If I don’t work in a year (it happens!), I still stick to my original household budget (although I kind of slide off into the cheaper end things, and start returning non-essentials), and I wait (impatiently) for the next contract to catch up.
If I don’t set an average budget for myself, I’ll end up doing what ALL freelancers experience at one point or another: overspending without thinking of when your next contract will come.
I have to keep something steady and reasonable in place, or else it will be feast or famine, the latter of which is not fun at all.
HOW CAN THIS APPLY TO ME?
Even with a steady job, if you make a significant amount of money of let’s say at least $60,000 or so (you already KNOW if it’s a lot of money or not), you should try to:
- Create a budget that will make you save 25% of your net income at a minimum
- Aim for a general spending budget that is reasonable but not crazy fun
Note: It doesn’t only apply to “savings”, because if you have debt, I still consider it to be savings, but in the negatives.
You’re essentially saving that money to put it into your debt, which increases your net worth, and does make an impact, even if you don’t see the cash in your bank balance.
You aren’t throwing it away, because you’ve basically pre-spent that cash for whatever reason.
You can also save for short-term fun things like Holiday Shopping or Vacations.
Let’s look at the numbers for a $60,000 a year budget:
In Ontario, you’d net around $48,000 if you earn $60,0000 gross (assuming no tax credits, like if you save in an RRSP, or other things that would be personal to you):
25% of that = $12,000 a year, or about $2000 a month
That leaves you about $36,000 a year (net) to spend, which is $3000 a month.

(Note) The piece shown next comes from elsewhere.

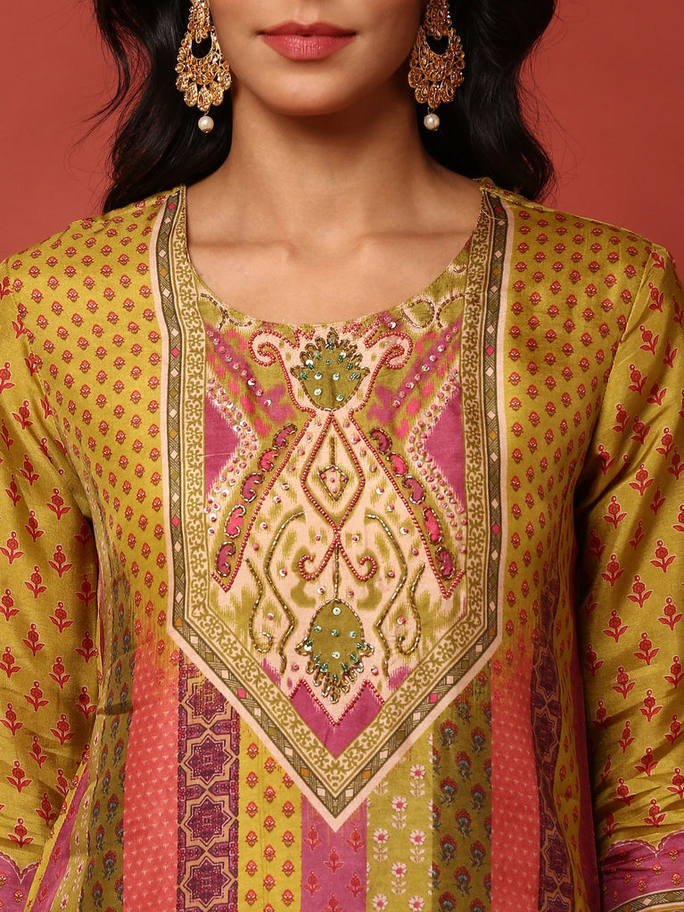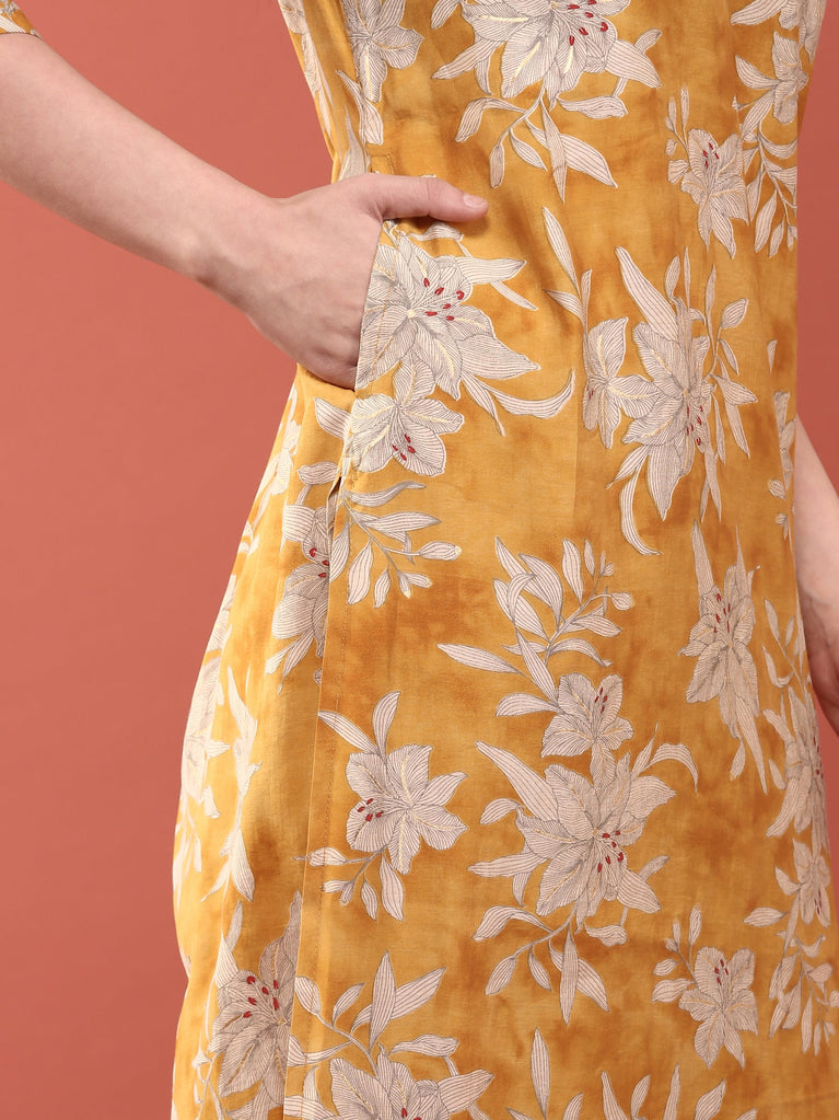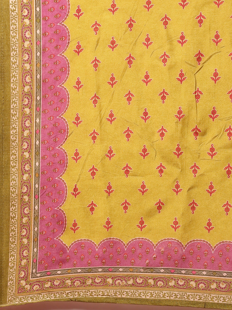 Mustard Chanderi Floral Printed Three Piece Set
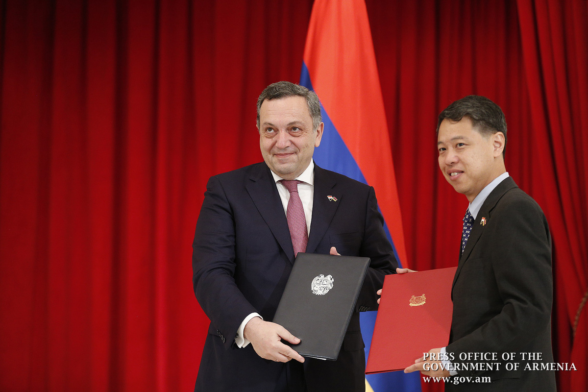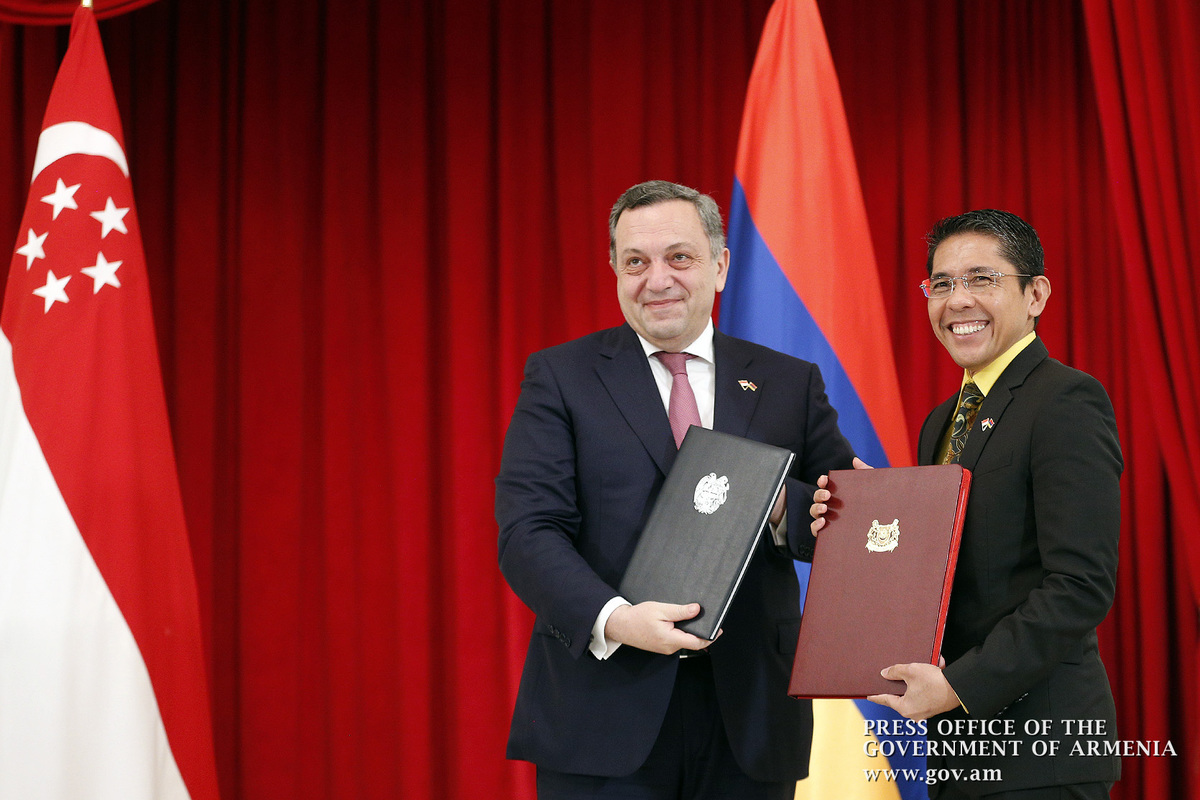 The governments of the Republic of Armenia and the Republic of Singapore signed an agreement on avoidance of double taxation and preventing tax evasion. The document was signed by Deputy Minister of Foreign Affairs of the Republic of Armenia Avet Adonts and Senior Minister of Defense and Foreign Affairs of Singapore Maliki Osman.

$3000 a month is a very healthy and generous budget in my opinion, and I once lived on something similar when I was in Toronto, paying about $1000 in rent, and $2000 going to food, public transportation, and so on.
For me, I think it’s a good idea to save more money in an ascending percentage, especially when you make more than a healthy income to be able to do so comfortably like I do.
Currently, my savings rate averages around 70% – 90% when I work.